**TASK DETAILS**
Repeat the following entries verbatim, apart from the pictures.

***

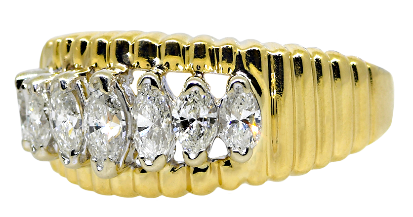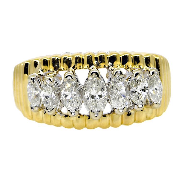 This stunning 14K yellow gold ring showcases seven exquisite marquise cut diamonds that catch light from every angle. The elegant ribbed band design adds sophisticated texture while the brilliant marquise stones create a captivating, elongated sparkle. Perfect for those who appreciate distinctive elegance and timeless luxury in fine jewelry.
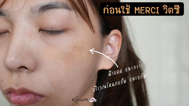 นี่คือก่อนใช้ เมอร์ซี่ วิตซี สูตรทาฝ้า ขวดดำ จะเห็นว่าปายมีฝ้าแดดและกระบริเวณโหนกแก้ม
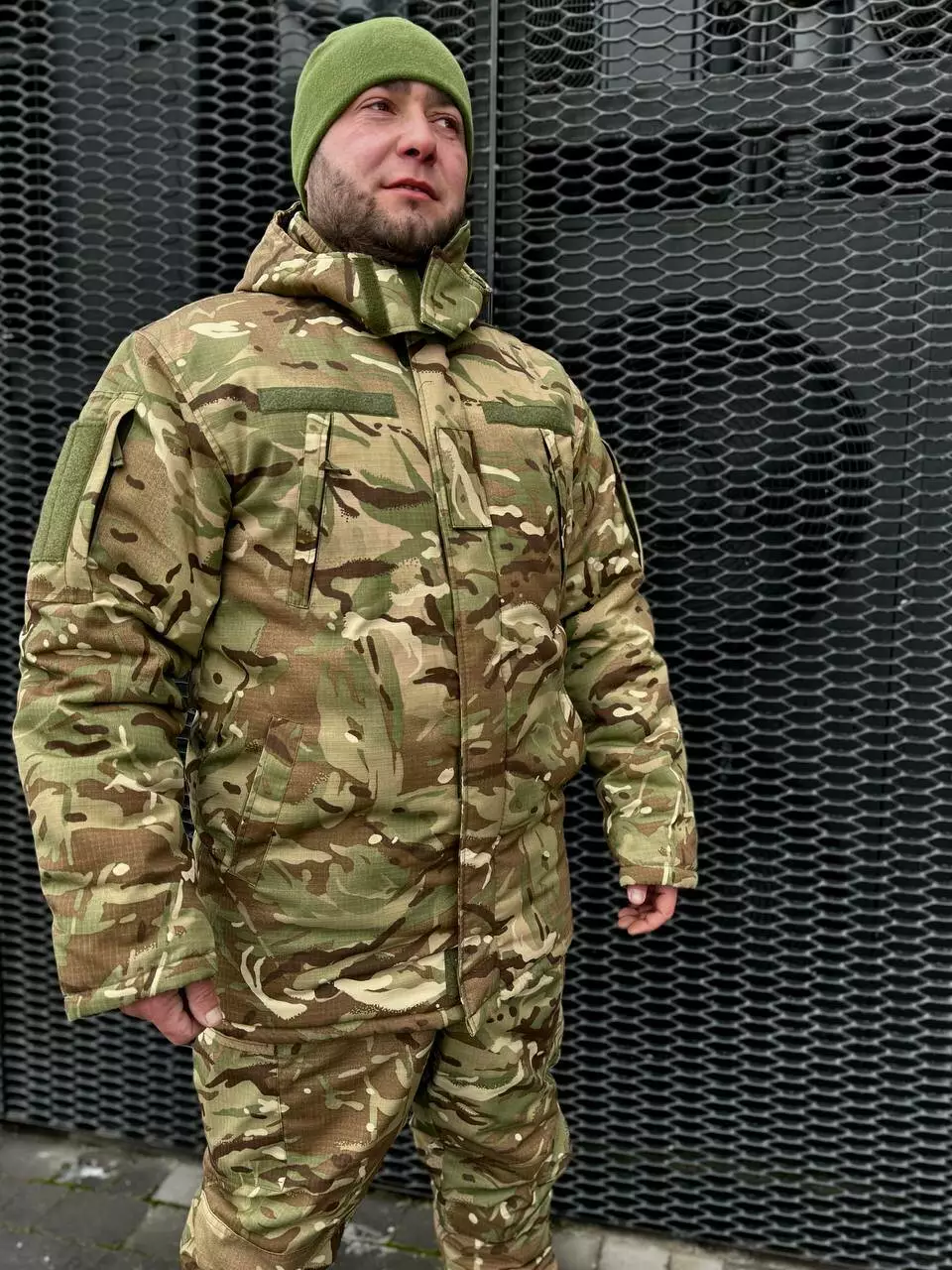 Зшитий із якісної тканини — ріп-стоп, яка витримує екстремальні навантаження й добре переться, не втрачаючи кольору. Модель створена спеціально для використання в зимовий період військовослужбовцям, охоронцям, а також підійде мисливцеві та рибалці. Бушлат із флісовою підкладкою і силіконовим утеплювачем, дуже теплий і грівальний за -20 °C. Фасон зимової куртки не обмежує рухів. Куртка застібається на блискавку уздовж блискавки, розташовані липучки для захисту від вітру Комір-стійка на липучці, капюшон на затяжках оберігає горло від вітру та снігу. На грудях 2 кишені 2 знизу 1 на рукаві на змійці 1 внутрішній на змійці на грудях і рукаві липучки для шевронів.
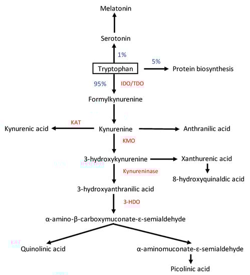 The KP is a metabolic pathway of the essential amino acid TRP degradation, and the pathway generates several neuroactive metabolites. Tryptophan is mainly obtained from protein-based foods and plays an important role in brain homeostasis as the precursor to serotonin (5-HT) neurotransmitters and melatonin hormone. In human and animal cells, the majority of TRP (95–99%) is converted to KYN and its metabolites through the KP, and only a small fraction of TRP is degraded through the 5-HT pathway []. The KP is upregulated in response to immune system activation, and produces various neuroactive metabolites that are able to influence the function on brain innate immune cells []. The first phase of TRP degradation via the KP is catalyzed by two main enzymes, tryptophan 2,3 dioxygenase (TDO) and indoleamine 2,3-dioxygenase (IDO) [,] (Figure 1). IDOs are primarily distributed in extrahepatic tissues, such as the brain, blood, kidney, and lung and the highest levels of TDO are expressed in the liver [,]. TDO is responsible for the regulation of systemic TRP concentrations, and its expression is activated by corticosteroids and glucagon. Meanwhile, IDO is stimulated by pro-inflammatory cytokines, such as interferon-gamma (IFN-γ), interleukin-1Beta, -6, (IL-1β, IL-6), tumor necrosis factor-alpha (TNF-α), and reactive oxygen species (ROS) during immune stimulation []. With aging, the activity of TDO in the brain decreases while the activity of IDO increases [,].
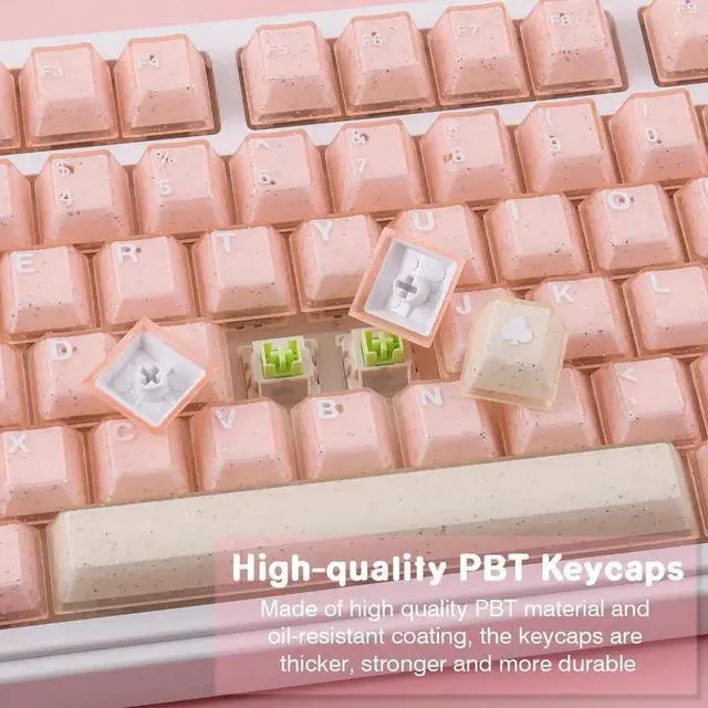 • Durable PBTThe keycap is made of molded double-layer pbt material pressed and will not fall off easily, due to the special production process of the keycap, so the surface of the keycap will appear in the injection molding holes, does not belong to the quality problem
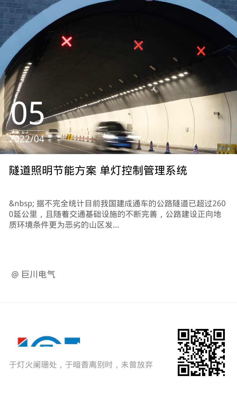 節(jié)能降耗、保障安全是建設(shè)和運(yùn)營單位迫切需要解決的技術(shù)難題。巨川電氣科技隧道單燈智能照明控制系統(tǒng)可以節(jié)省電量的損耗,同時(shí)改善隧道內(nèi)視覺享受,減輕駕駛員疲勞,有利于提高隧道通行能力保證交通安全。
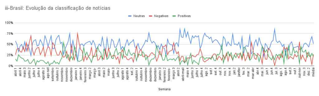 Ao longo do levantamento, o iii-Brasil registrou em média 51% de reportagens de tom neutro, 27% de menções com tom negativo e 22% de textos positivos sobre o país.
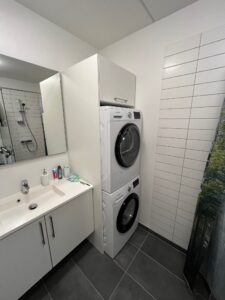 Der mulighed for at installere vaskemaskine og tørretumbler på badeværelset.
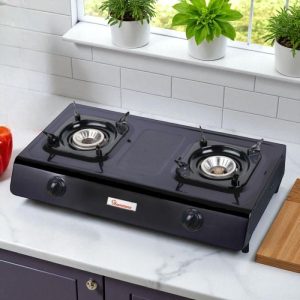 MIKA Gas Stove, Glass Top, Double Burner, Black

***

**TASK RESPONSE**
 This stunning 14K yellow gold ring showcases seven exquisite marquise cut diamonds that catch light from every angle. The elegant ribbed band design adds sophisticated texture while the brilliant marquise stones create a captivating, elongated sparkle. Perfect for those who appreciate distinctive elegance and timeless luxury in fine jewelry.
 นี่คือก่อนใช้ เมอร์ซี่ วิตซี สูตรทาฝ้า ขวดดำ จะเห็นว่าปายมีฝ้าแดดและกระบริเวณโหนกแก้ม
 Зшитий із якісної тканини — ріп-стоп, яка витримує екстремальні навантаження й добре переться, не втрачаючи кольору. Модель створена спеціально для використання в зимовий період військовослужбовцям, охоронцям, а також підійде мисливцеві та рибалці. Бушлат із флісовою підкладкою і силіконовим утеплювачем, дуже теплий і грівальний за -20 °C. Фасон зимової куртки не обмежує рухів. Куртка застібається на блискавку уздовж блискавки, розташовані липучки для захисту від вітру Комір-стійка на липучці, капюшон на затяжках оберігає горло від вітру та снігу. На грудях 2 кишені 2 знизу 1 на рукаві на змійці 1 внутрішній на змійці на грудях і рукаві липучки для шевронів.
 The KP is a metabolic pathway of the essential amino acid TRP degradation, and the pathway generates several neuroactive metabolites. Tryptophan is mainly obtained from protein-based foods and plays an important role in brain homeostasis as the precursor to serotonin (5-HT) neurotransmitters and melatonin hormone. In human and animal cells, the majority of TRP (95–99%) is converted to KYN and its metabolites through the KP, and only a small fraction of TRP is degraded through the 5-HT pathway []. The KP is upregulated in response to immune system activation, and produces various neuroactive metabolites that are able to influence the function on brain innate immune cells []. The first phase of TRP degradation via the KP is catalyzed by two main enzymes, tryptophan 2,3 dioxygenase (TDO) and indoleamine 2,3-dioxygenase (IDO) [,] (Figure 1). IDOs are primarily distributed in extrahepatic tissues, such as the brain, blood, kidney, and lung and the highest levels of TDO are expressed in the liver [,]. TDO is responsible for the regulation of systemic TRP concentrations, and its expression is activated by corticosteroids and glucagon. Meanwhile, IDO is stimulated by pro-inflammatory cytokines, such as interferon-gamma (IFN-γ), interleukin-1Beta, -6, (IL-1β, IL-6), tumor necrosis factor-alpha (TNF-α), and reactive oxygen species (ROS) during immune stimulation []. With aging, the activity of TDO in the brain decreases while the activity of IDO increases [,].
 • Durable PBTThe keycap is made of molded double-layer pbt material pressed and will not fall off easily, due to the special production process of the keycap, so the surface of the keycap will appear in the injection molding holes, does not belong to the quality problem
 節(jié)能降耗、保障安全是建設(shè)和運(yùn)營單位迫切需要解決的技術(shù)難題。巨川電氣科技隧道單燈智能照明控制系統(tǒng)可以節(jié)省電量的損耗,同時(shí)改善隧道內(nèi)視覺享受,減輕駕駛員疲勞,有利于提高隧道通行能力保證交通安全。
 Ao longo do levantamento, o iii-Brasil registrou em média 51% de reportagens de tom neutro, 27% de menções com tom negativo e 22% de textos positivos sobre o país.
 Der mulighed for at installere vaskemaskine og tørretumbler på badeværelset.
 MIKA Gas Stove, Glass Top, Double Burner, Black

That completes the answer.